§ **TASK TO CARRY OUT**: Reproduce, character for character, the lines below from the first through the one with "I am writing". Leave pictures out.

§ **RAW DATA**:
◆ ◆ ◆

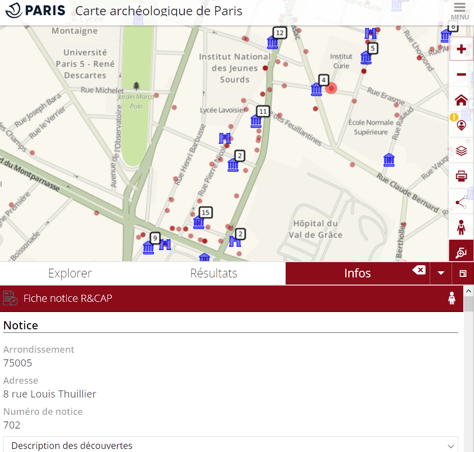 Interactive, la carte est avant tout un outil de travail pour les archéologues afin de recenser les découvertes parisiennes et de les partager avec la communauté de chercheurs. Mais c’est également un outil de collaboration comme l’explique Julien Avinain, archéologue et chef de projet de cette cartographie : « Grâce à cet outil on a renoué des collaborations avec la DRAC, l’INRAP (Institut national de recherches archéologiques préventives), les Universités ou le CNRS (Centre national de la recherche scientifique). Cela a permis de nourrir cette cartographie. » D’ailleurs, cette carte a vu le jour après six années de travail pendant lesquelles il a fallu rassembler les données des archives, notamment celles de l’archéologue Théodore Vacquer. Considéré comme le fondateur de l’archéologie parisienne, il a exploré les chantiers des travaux haussmanniens et a ainsi pu faire de nombreuses découvertes dans la deuxième moitiée du XIXe siècle.
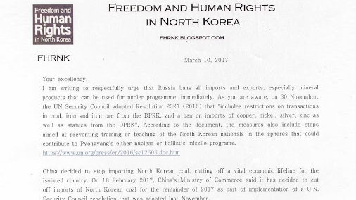 I am writing to respectfully urge that Russia bans all imports and exports, especially mineral products that can be used for nuclear programme, immediately. As you are aware, on 30 November, the UN Security Council adopted Resolution 2321 (2016) that 'includes restrictions on transactions in coal, iron and iron ore from the DPRK, and a ban on imports of copper, nickel, silver, zinc as well as statues from the DPRK". According to the document, the measures also include steps aimed at preventing training or teaching of the North Korean nationals in the spheres that could contribute to Pyongyang's either nuclear or ballistic missile programs.
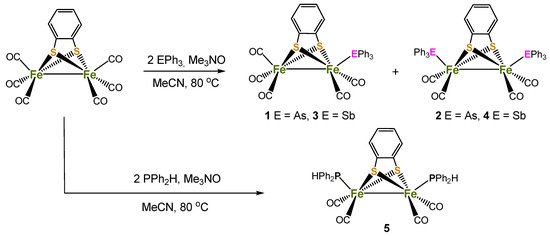Reaction of [Fe2(CO)6(µ-bdt)] with two equivalents of AsPh3 or SbPh3 in the presence of Me3NO.H2O in MeCN at 80 °C afforded the mono-substituted complexes, [Fe2(CO)5(µ-bdt)(EPh3)] (1, E = As, 39%; 3, E = Sb, 42%) as the major products, together with smaller amounts of disubstituted products [Fe2(CO)4(µ-bdt)(EPh3)2] (2, E = As, 17%; 4, E = Sb, 22%) (Scheme 1). Monosubstituted complexes alone were isolated from room temperature reactions in CH2Cl2. In contrast, a similar reaction between [Fe2(CO)6(µ-bdt)] and Ph2PH led to the isolation of only disubstituted [Fe2(CO)4(PPh2H)2(μ-bdt)] (5) in moderate yield (51%). The PPh2H analogue of 1 and 2, i.e., [Fe2(CO)5(PPh2H)(μ-bdt)], and 5 were previously synthesised by Kaur-Ghumaan and co-workers from a room temperature reaction between [Fe2(CO)6(µ-bdt)] and PPh2H in toluene [33]. These authors also noted that when the reaction was carried out under refluxing conditions it afforded mainly 5, which is consistent with the isolation of only 5 in our case. Since [Fe2(CO)5(PPh2H)(μ-bdt)] was structurally characterised and its electrochemical and electrocatalytic properties were also investigated properly [33], we deliberately chose the method which affords only 5 in order to maximise its yield. Complexes 1–5 are air-stable in the solid state and soluble in polar organic solvents, but insoluble or sparingly soluble in non-polar organic solvents. They have been characterised by IR and 1H NMR spectroscopy, elemental analysis, mass spectrometry, electrochemical studies, and single-crystal X-ray diffraction analyses. Full details of the synthetic procedures and spectroscopic data can be found in the experimental section.

◆ ◆ ◆

§ **RESULT FOR THIS TASK**:
 Interactive, la carte est avant tout un outil de travail pour les archéologues afin de recenser les découvertes parisiennes et de les partager avec la communauté de chercheurs. Mais c’est également un outil de collaboration comme l’explique Julien Avinain, archéologue et chef de projet de cette cartographie : « Grâce à cet outil on a renoué des collaborations avec la DRAC, l’INRAP (Institut national de recherches archéologiques préventives), les Universités ou le CNRS (Centre national de la recherche scientifique). Cela a permis de nourrir cette cartographie. » D’ailleurs, cette carte a vu le jour après six années de travail pendant lesquelles il a fallu rassembler les données des archives, notamment celles de l’archéologue Théodore Vacquer. Considéré comme le fondateur de l’archéologie parisienne, il a exploré les chantiers des travaux haussmanniens et a ainsi pu faire de nombreuses découvertes dans la deuxième moitiée du XIXe siècle.
 I am writing to respectfully urge that Russia bans all imports and exports, especially mineral products that can be used for nuclear programme, immediately. As you are aware, on 30 November, the UN Security Council adopted Resolution 2321 (2016) that 'includes restrictions on transactions in coal, iron and iron ore from the DPRK, and a ban on imports of copper, nickel, silver, zinc as well as statues from the DPRK". According to the document, the measures also include steps aimed at preventing training or teaching of the North Korean nationals in the spheres that could contribute to Pyongyang's either nuclear or ballistic missile programs.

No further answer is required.